What perplexes me the most is why Intel does not launch a higher core count Rocketlake. I understand why they can’t release such a cpu for the mainstream but I think they could release a Rocketlake X HEDT lineup. Some will argue it cannot be done due to yields or power consumption but I disagree. The HEDT lineup doesn’t have graphics. And Intel can produce just fine and for profit an 18-core Cascade lake with the Skylake X architecture, AVX-512, 48+4 PCIe3 CPU lanes and quad channel memory controller. The 20% IPC increase should be achievable with 20% more transistors and given the same process node that translates to 20% larger die area per core. So, the 18cores of the 10980XE should occupy the area of 15 Rocketlake cores. So, Intel could make a 16-core Rocketlake 11960XE HEDT flagship. Power consumption shouldn’t be that much higher than the 10980XE, especially given the even more mature 14nm++++ process node.

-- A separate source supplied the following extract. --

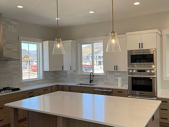 Beautiful new construction in Midway. 4147 sf finished, over 5000 sf total. Just two blocks from charming Main Street. Main level master with 2nd laundry area in the master closet. Main Level office or 5th bedroom. Spacious covered patio off great room with gas lines for future built-in fireplace and BBQ hook up. Fantastic views of Timp. Massive garage including 10’ door on third car garage that will fit most boats. Professional landscaping of front yard to be completed this Spring. Downstairs game room along with a bedroom/bathroom, with another ~1,000 sf of unfinished basement to make your own. Plenty of room for another great room and theater or fitness room. 3% buyer's agent commission.

So, is Intel preparing a Rocketlake X lineup? Apparently no, as there has been absolutely no rumour or leak about the existence of such a platform. And there won’t be an Icelake X lineup either. So Intel has released absolutely nothing for the HEDT for over a year now and by the sounds of it, we will be getting nothing for another whole year. And I am not even saying that what we have now was essentially released in Q4 2017. So, if we get a new HEDT cpu in 2022 it will be an astonishing 5 years for Intel to meaningfully renew their HEDT offerings (unless you count the W3175X in Jan 2019 but even then that’s a Xeon and with a $3000 price-tag for the CPU and $1500-$2000 for the motherboard so I don’t quite count it as a mere HEDT - even then it will be 3 years at best).
The mainstream CPU's and the X-Series CPU's have pretty much nothing in common. Mainstream CPU's use a ring bus while X-Series use a mesh topology. Intel's HEDT CPU's are basically Xeons with higher clocks, and thus higher power usage per core, with no ECC support. If you want to know where the HEDT platform is going, you need to look at the Xeon line. With 10nm Ice Lake Xeons scheduled to release soon, that's the next candidate for an HEDT update. HEDT has traditionally been launched in the 2nd half of the year, so it is possible that if Intel gets its act together with 10nm this year, that we could be looking at Ice Lake based HEDT chips late this year. If not, we could be waiting all the way until later in 2022 for a Sapphire Rapids based HEDT platform.